__Extracted records__.
══════════
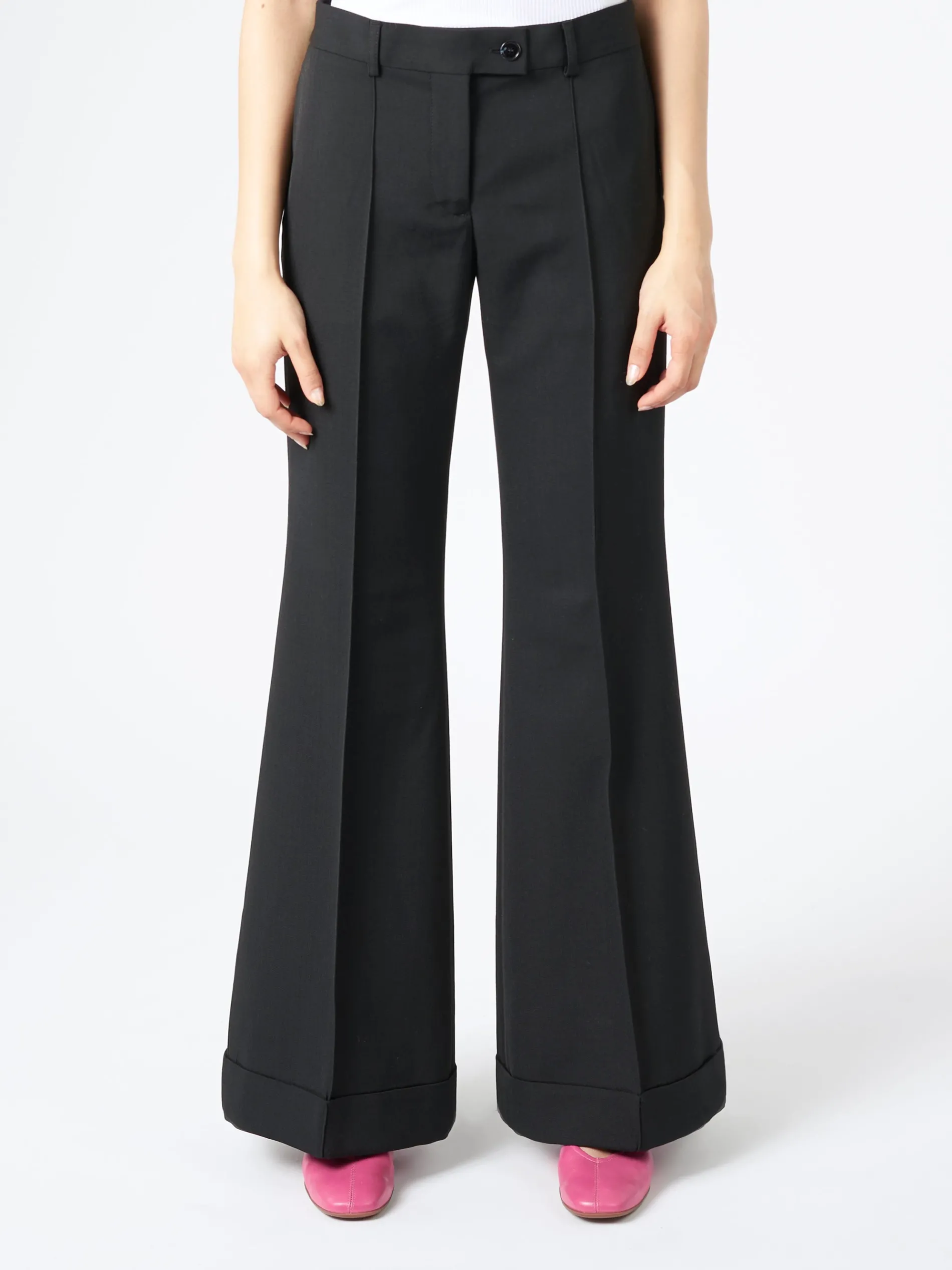 Acne Studios tailored trousers are crafted from a wool blend, detailed with front topstitched leg pleats and fold-up hem. Cut to a regular fit with a mid-waist, flared leg and long length.
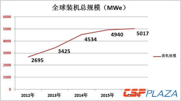 圖:2012~2016年全球總CSP建成裝機(制圖:CSPPLAZA)
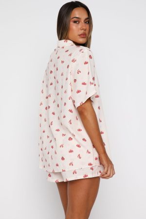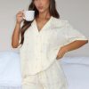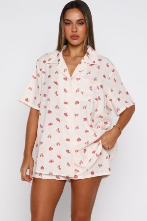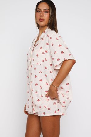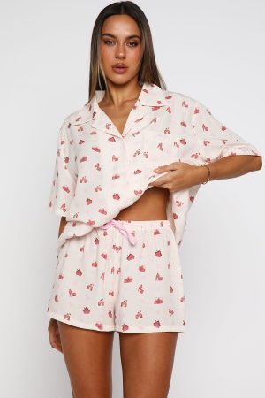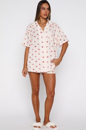 Introducing your new fave summer sleepwear…the Offline Pyjama Set in Gingerbread Dreams! This adorable set features a collared neckline. a button-front closure. and a side pocket with embroidered White Fox text. Made from lightweight. breathable fabric with an unlined interior. it keeps you cool all night. The elasticated waistband with a drawstring tie ensures a comfy fit. and the mini length paired with the sweetest gingerbread house print gives it serious style.
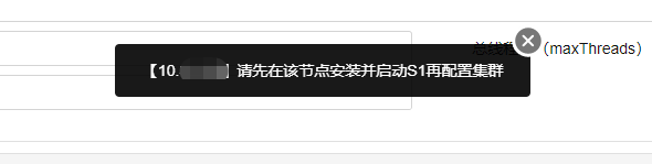 ②切换到集群模式下需要先在所有节点安装S1,并启动,否则无法同步其它节点配置,提示信息如下
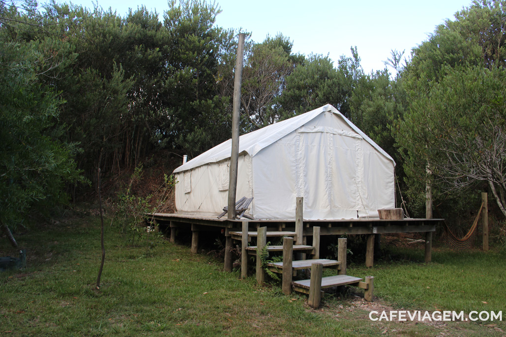Um dos motivos que elegemos La Pedrera para nos hospedarmos em família foi a curiosidade de conhecer uma hospedagem diferenciada nessa região. Trata-se do Pueblo Barrancas, um ecolodge com barracas rústica e outra mais completas e equipadas. A localização é um dos pontos altos do Pueblo Barrancas que fica em frente ao mar e cercado por uma linda área verde. Fazia um tempinho que eu namorava esse hotel no Booking.com e consegui uma tarifa especial. Veja tarifas neste link! Nós pagamos para toda a família na alta temporada US$ 150 dólares (mas foi uma negociação especial). Não é um hotel barato.
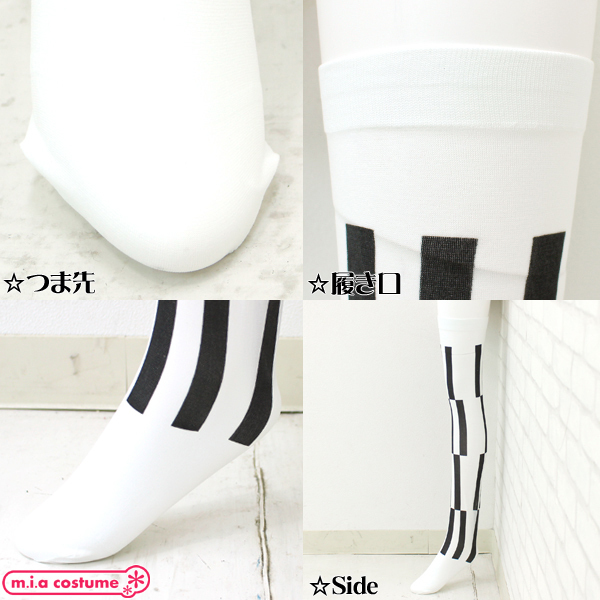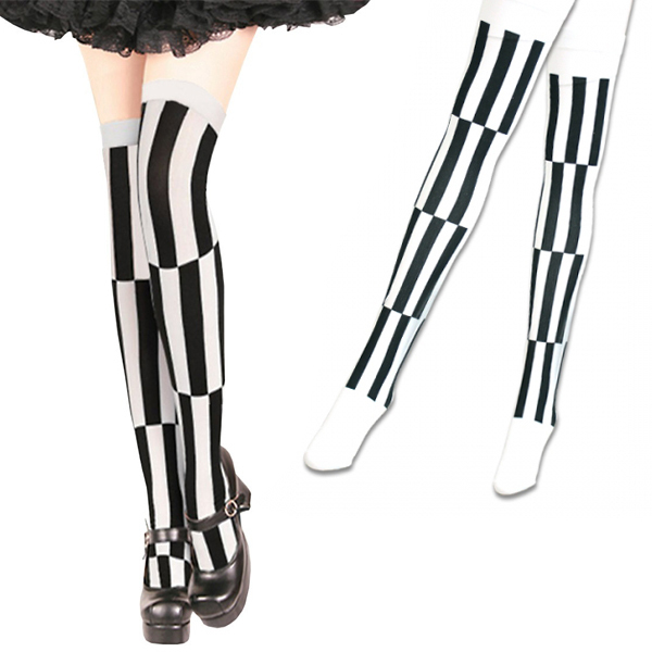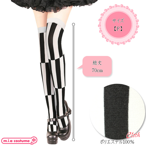 ![]() ゴシック&ロリータファッションと相性抜群!ブロック模様の白黒ストライプ柄ニーハイストッキング70cm。
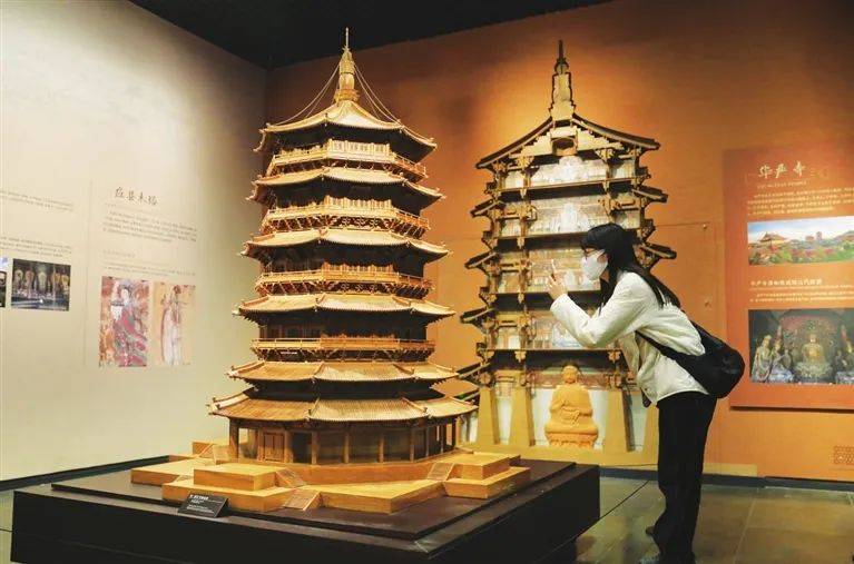 “土木华章”展区,把山西古建筑和古建内的附属文物进行整体融合,展陈顺序以年代划分。天峰坪遗址距今4800年的门轴石,让观众看到古人的建筑风格。北朝时期的九原岗壁画中的门楼图,呈现了北朝的建筑特色。以佛光寺为“聚点”,唐五代时期山西现存的7座建筑都有亮相,扩充参观体验感。
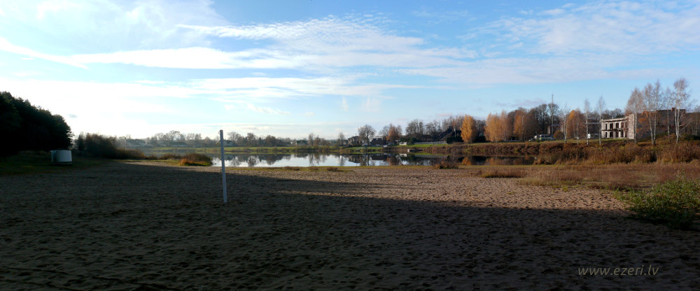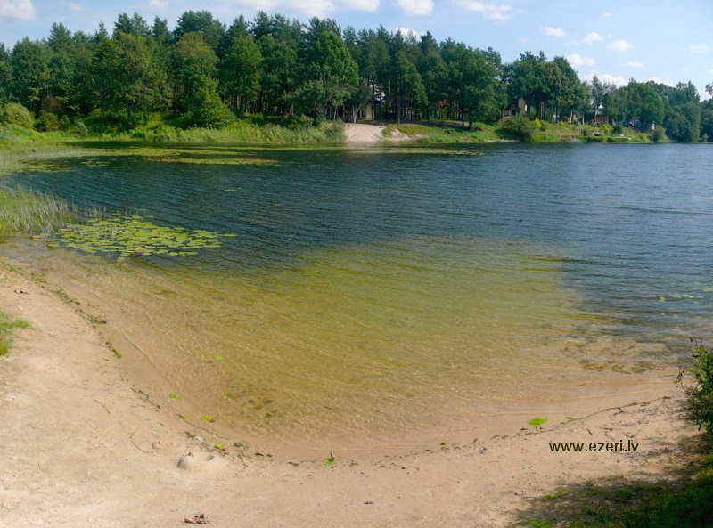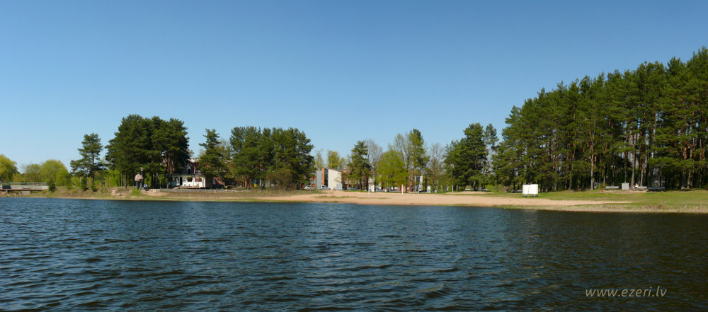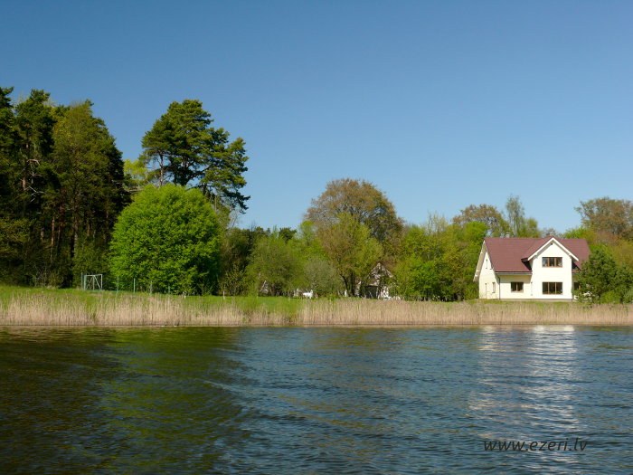 photograph Trešās daļas krasts. Starp apbūvi un ezeru ir iela. Krasts brīvi pieejams. |
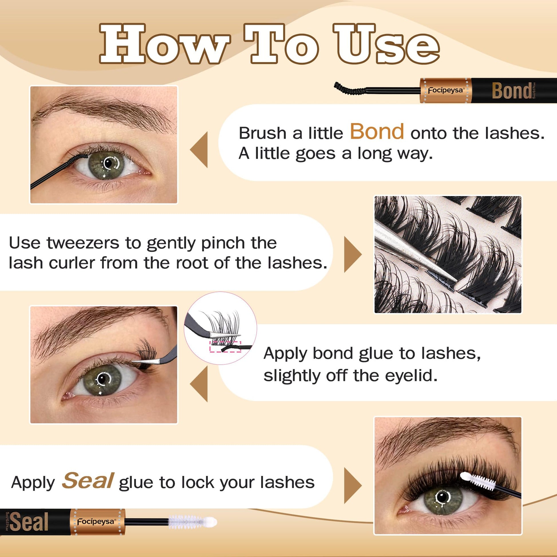 - 【How to use the lash extension kit】: The lashes extension kit is very easy to use at home. Curl your lashes with an eyelash curler. Apply volume cluster lash extension glue to the roots of your volume cluster lashes or lightly brush your natural lashes with a lash bond. Easy to do even if you're a beginner, make DIY cluster eyelash extensions more real like own lashes
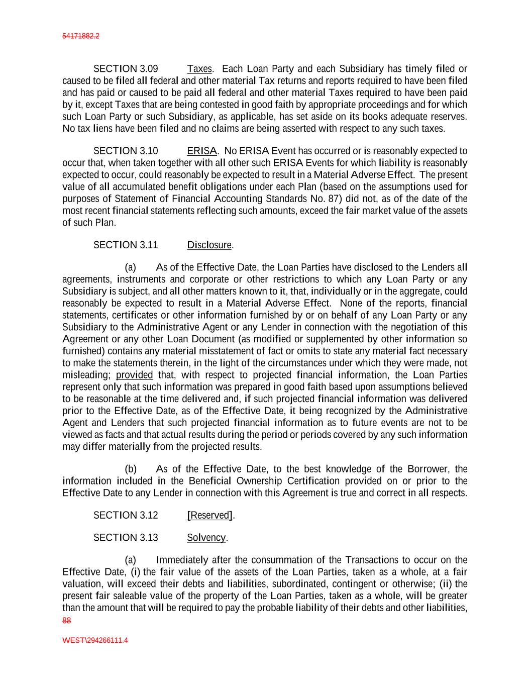 54171882.2 88 WEST\294266111.4 SECTION 3.09 Taxes. Each Loan Party and each Subsidiary has timely filed or caused to be filed all federal and other material Tax returns and reports required to have been filed and has paid or caused to be paid all federal and other material Taxes required to have been paid by it, except Taxes that are being contested in good faith by appropriate proceedings and for which such Loan Party or such Subsidiary, as applicable, has set aside on its books adequate reserves. No tax liens have been filed and no claims are being asserted with respect to any such taxes. SECTION 3.10 ERISA. No ERISA Event has occurred or is reasonably expected to occur that, when taken together with all other such ERISA Events for which liability is reasonably expected to occur, could reasonably be expected to result in a Material Adverse Effect. The present value of all accumulated benefit obligations under each Plan (based on the assumptions used for purposes of Statement of Financial Accounting Standards No. 87) did not, as of the date of the most recent financial statements reflecting such amounts, exceed the fair market value of the assets of such Plan. SECTION 3.11 Disclosure. (a) As of the Effective Date, the Loan Parties have disclosed to the Lenders all agreements, instruments and corporate or other restrictions to which any Loan Party or any Subsidiary is subject, and all other matters known to it, that, individually or in the aggregate, could reasonably be expected to result in a Material Adverse Effect. None of the reports, financial statements, certificates or other information furnished by or on behalf of any Loan Party or any Subsidiary to the Administrative Agent or any Lender in connection with the negotiation of this Agreement or any other Loan Document (as modified or supplemented by other information so furnished) contains any material misstatement of fact or omits to state any material fact necessary to make the statements therein, in the light of the circumstances under which they were made, not misleading; provided that, with respect to projected financial information, the Loan Parties represent only that such information was prepared in good faith based upon assumptions believed to be reasonable at the time delivered and, if such projected financial information was delivered prior to the Effective Date, as of the Effective Date, it being recognized by the Administrative Agent and Lenders that such projected financial information as to future events are not to be viewed as facts and that actual results during the period or periods covered by any such information may differ materially from the projected results. (b) As of the Effective Date, to the best knowledge of the Borrower, the information included in the Beneficial Ownership Certification provided on or prior to the Effective Date to any Lender in connection with this Agreement is true and correct in all respects. SECTION 3.12 [Reserved]. SECTION 3.13 Solvency. (a) Immediately after the consummation of the Transactions to occur on the Effective Date, (i) the fair value of the assets of the Loan Parties, taken as a whole, at a fair valuation, will exceed their debts and liabilities, subordinated, contingent or otherwise; (ii) the present fair saleable value of the property of the Loan Parties, taken as a whole, will be greater than the amount that will be required to pay the probable liability of their debts and other liabilities,
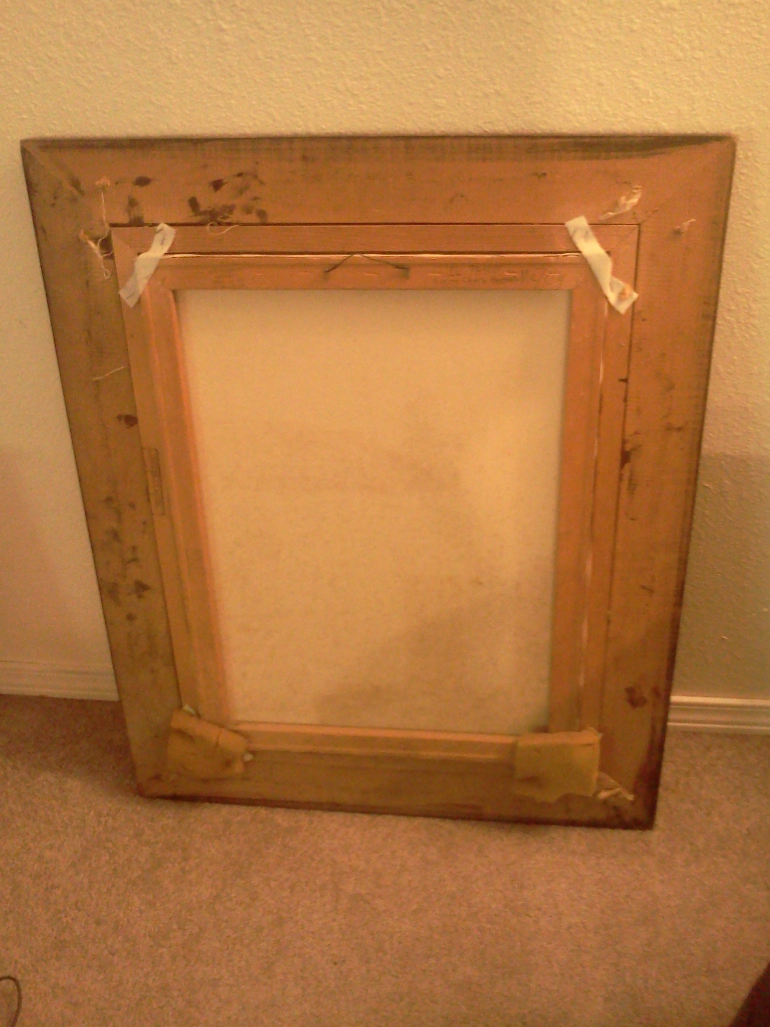 There is also what looks to be small spots of mold on the back of the painting. Not certain if this is repairable or not.
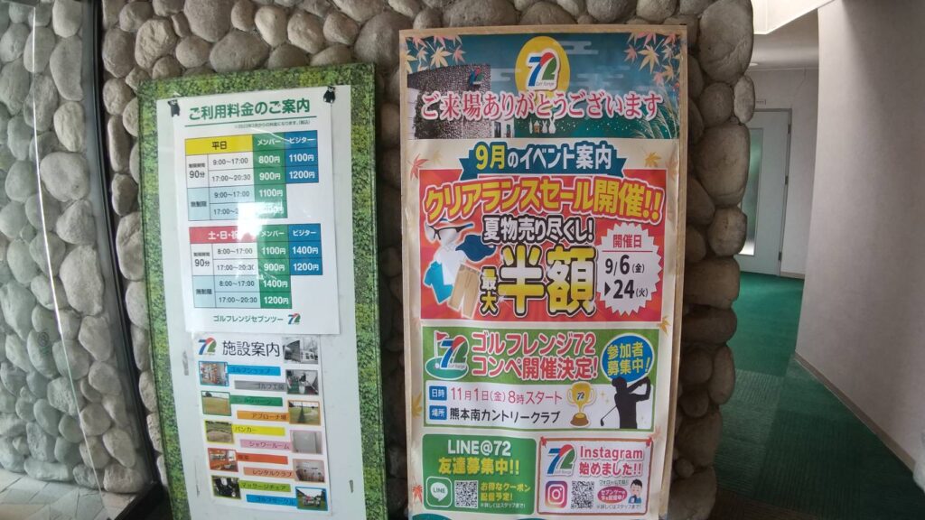 72ゴルフレンジ会場(熊本市南区富合町)は料金がリーズナブルで初めての人にも丁寧な対応で毎月色々なイベントが開催されています。またクラブハウス内にはゴルフ用品も販売されいて色々と相談に乗ってくれますよ。
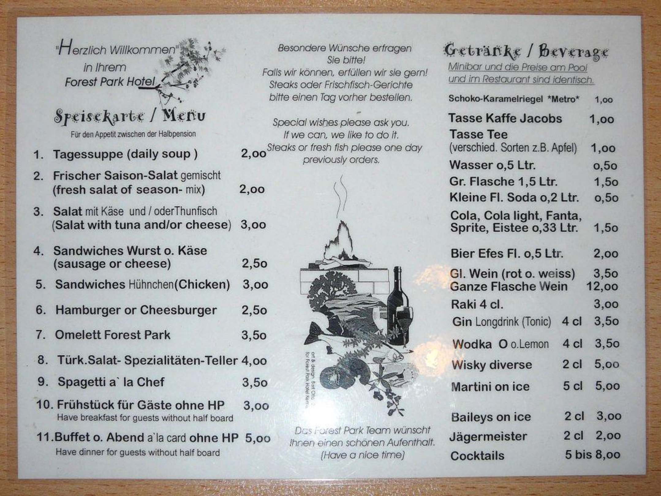 Preise der Minibar, Poolbar & im Restaurant
══════════
__Exercise details__.
Leaving out the pictures, print every record exactly as written.

__Solution__.
 Acne Studios tailored trousers are crafted from a wool blend, detailed with front topstitched leg pleats and fold-up hem. Cut to a regular fit with a mid-waist, flared leg and long length.
 圖:2012~2016年全球總CSP建成裝機(制圖:CSPPLAZA)
 Introducing your new fave summer sleepwear…the Offline Pyjama Set in Gingerbread Dreams! This adorable set features a collared neckline. a button-front closure. and a side pocket with embroidered White Fox text. Made from lightweight. breathable fabric with an unlined interior. it keeps you cool all night. The elasticated waistband with a drawstring tie ensures a comfy fit. and the mini length paired with the sweetest gingerbread house print gives it serious style.
 ②切换到集群模式下需要先在所有节点安装S1,并启动,否则无法同步其它节点配置,提示信息如下
Um dos motivos que elegemos La Pedrera para nos hospedarmos em família foi a curiosidade de conhecer uma hospedagem diferenciada nessa região. Trata-se do Pueblo Barrancas, um ecolodge com barracas rústica e outra mais completas e equipadas. A localização é um dos pontos altos do Pueblo Barrancas que fica em frente ao mar e cercado por uma linda área verde. Fazia um tempinho que eu namorava esse hotel no Booking.com e consegui uma tarifa especial. Veja tarifas neste link! Nós pagamos para toda a família na alta temporada US$ 150 dólares (mas foi uma negociação especial). Não é um hotel barato.
 ![]() ゴシック&ロリータファッションと相性抜群!ブロック模様の白黒ストライプ柄ニーハイストッキング70cm。
 “土木华章”展区,把山西古建筑和古建内的附属文物进行整体融合,展陈顺序以年代划分。天峰坪遗址距今4800年的门轴石,让观众看到古人的建筑风格。北朝时期的九原岗壁画中的门楼图,呈现了北朝的建筑特色。以佛光寺为“聚点”,唐五代时期山西现存的7座建筑都有亮相,扩充参观体验感。
 photograph Trešās daļas krasts. Starp apbūvi un ezeru ir iela. Krasts brīvi pieejams. |
 - 【How to use the lash extension kit】: The lashes extension kit is very easy to use at home. Curl your lashes with an eyelash curler. Apply volume cluster lash extension glue to the roots of your volume cluster lashes or lightly brush your natural lashes with a lash bond. Easy to do even if you're a beginner, make DIY cluster eyelash extensions more real like own lashes
 54171882.2 88 WEST\294266111.4 SECTION 3.09 Taxes. Each Loan Party and each Subsidiary has timely filed or caused to be filed all federal and other material Tax returns and reports required to have been filed and has paid or caused to be paid all federal and other material Taxes required to have been paid by it, except Taxes that are being contested in good faith by appropriate proceedings and for which such Loan Party or such Subsidiary, as applicable, has set aside on its books adequate reserves. No tax liens have been filed and no claims are being asserted with respect to any such taxes. SECTION 3.10 ERISA. No ERISA Event has occurred or is reasonably expected to occur that, when taken together with all other such ERISA Events for which liability is reasonably expected to occur, could reasonably be expected to result in a Material Adverse Effect. The present value of all accumulated benefit obligations under each Plan (based on the assumptions used for purposes of Statement of Financial Accounting Standards No. 87) did not, as of the date of the most recent financial statements reflecting such amounts, exceed the fair market value of the assets of such Plan. SECTION 3.11 Disclosure. (a) As of the Effective Date, the Loan Parties have disclosed to the Lenders all agreements, instruments and corporate or other restrictions to which any Loan Party or any Subsidiary is subject, and all other matters known to it, that, individually or in the aggregate, could reasonably be expected to result in a Material Adverse Effect. None of the reports, financial statements, certificates or other information furnished by or on behalf of any Loan Party or any Subsidiary to the Administrative Agent or any Lender in connection with the negotiation of this Agreement or any other Loan Document (as modified or supplemented by other information so furnished) contains any material misstatement of fact or omits to state any material fact necessary to make the statements therein, in the light of the circumstances under which they were made, not misleading; provided that, with respect to projected financial information, the Loan Parties represent only that such information was prepared in good faith based upon assumptions believed to be reasonable at the time delivered and, if such projected financial information was delivered prior to the Effective Date, as of the Effective Date, it being recognized by the Administrative Agent and Lenders that such projected financial information as to future events are not to be viewed as facts and that actual results during the period or periods covered by any such information may differ materially from the projected results. (b) As of the Effective Date, to the best knowledge of the Borrower, the information included in the Beneficial Ownership Certification provided on or prior to the Effective Date to any Lender in connection with this Agreement is true and correct in all respects. SECTION 3.12 [Reserved]. SECTION 3.13 Solvency. (a) Immediately after the consummation of the Transactions to occur on the Effective Date, (i) the fair value of the assets of the Loan Parties, taken as a whole, at a fair valuation, will exceed their debts and liabilities, subordinated, contingent or otherwise; (ii) the present fair saleable value of the property of the Loan Parties, taken as a whole, will be greater than the amount that will be required to pay the probable liability of their debts and other liabilities,
 There is also what looks to be small spots of mold on the back of the painting. Not certain if this is repairable or not.
 72ゴルフレンジ会場(熊本市南区富合町)は料金がリーズナブルで初めての人にも丁寧な対応で毎月色々なイベントが開催されています。またクラブハウス内にはゴルフ用品も販売されいて色々と相談に乗ってくれますよ。
 Preise der Minibar, Poolbar & im Restaurant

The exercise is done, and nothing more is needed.